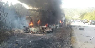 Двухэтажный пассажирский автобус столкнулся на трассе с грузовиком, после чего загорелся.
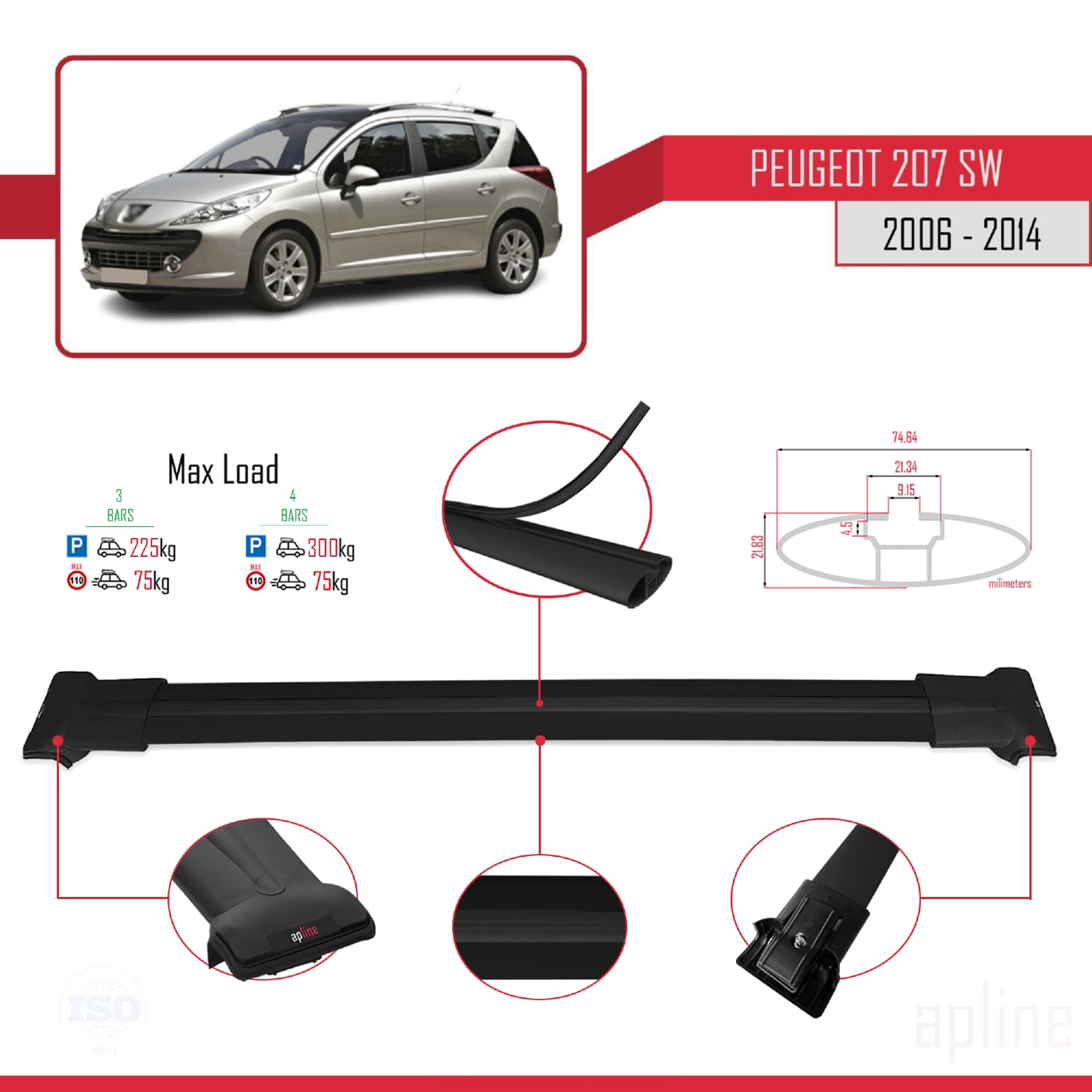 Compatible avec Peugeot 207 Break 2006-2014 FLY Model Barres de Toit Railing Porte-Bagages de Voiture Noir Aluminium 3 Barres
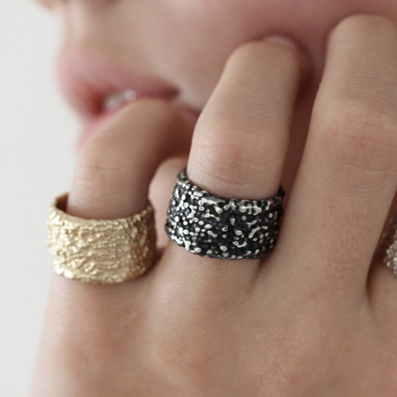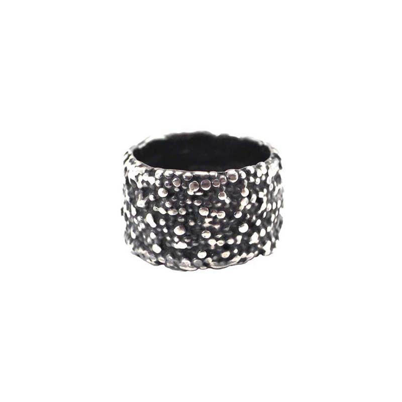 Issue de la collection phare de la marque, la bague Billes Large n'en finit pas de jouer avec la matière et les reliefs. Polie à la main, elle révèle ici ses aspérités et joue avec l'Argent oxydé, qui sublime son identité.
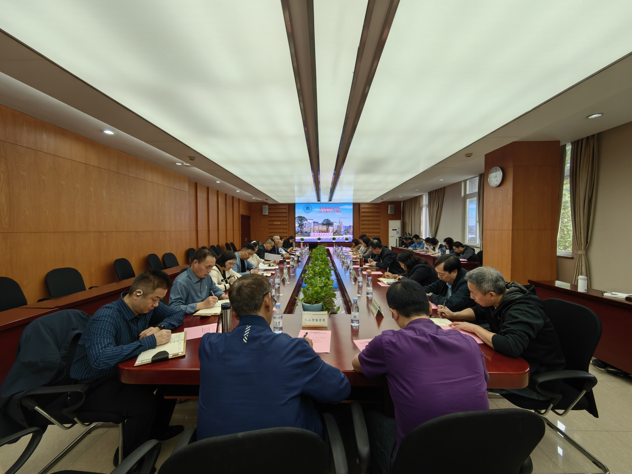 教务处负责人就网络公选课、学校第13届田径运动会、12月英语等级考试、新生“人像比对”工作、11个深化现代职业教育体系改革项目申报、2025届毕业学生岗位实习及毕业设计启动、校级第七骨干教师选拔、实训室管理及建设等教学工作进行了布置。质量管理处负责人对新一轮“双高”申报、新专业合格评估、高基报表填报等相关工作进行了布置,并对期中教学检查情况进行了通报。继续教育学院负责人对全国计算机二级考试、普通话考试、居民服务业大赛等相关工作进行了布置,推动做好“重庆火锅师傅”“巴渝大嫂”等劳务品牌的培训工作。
..............................
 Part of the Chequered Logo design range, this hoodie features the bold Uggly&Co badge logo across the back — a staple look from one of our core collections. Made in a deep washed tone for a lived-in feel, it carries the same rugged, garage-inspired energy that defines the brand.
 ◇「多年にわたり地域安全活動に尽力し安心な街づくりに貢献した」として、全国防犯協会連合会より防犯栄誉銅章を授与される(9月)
..............................
▶ _Work task_
Of the lines above, copy only those from the one holding "Двухэтажный пассажирский автобус" to the one holding "教务处负责人就网络公选课、学", both included, and exclude every image.

▶ _Answer section_
 Двухэтажный пассажирский автобус столкнулся на трассе с грузовиком, после чего загорелся.
 Compatible avec Peugeot 207 Break 2006-2014 FLY Model Barres de Toit Railing Porte-Bagages de Voiture Noir Aluminium 3 Barres
 Issue de la collection phare de la marque, la bague Billes Large n'en finit pas de jouer avec la matière et les reliefs. Polie à la main, elle révèle ici ses aspérités et joue avec l'Argent oxydé, qui sublime son identité.
 教务处负责人就网络公选课、学校第13届田径运动会、12月英语等级考试、新生“人像比对”工作、11个深化现代职业教育体系改革项目申报、2025届毕业学生岗位实习及毕业设计启动、校级第七骨干教师选拔、实训室管理及建设等教学工作进行了布置。质量管理处负责人对新一轮“双高”申报、新专业合格评估、高基报表填报等相关工作进行了布置,并对期中教学检查情况进行了通报。继续教育学院负责人对全国计算机二级考试、普通话考试、居民服务业大赛等相关工作进行了布置,推动做好“重庆火锅师傅”“巴渝大嫂”等劳务品牌的培训工作。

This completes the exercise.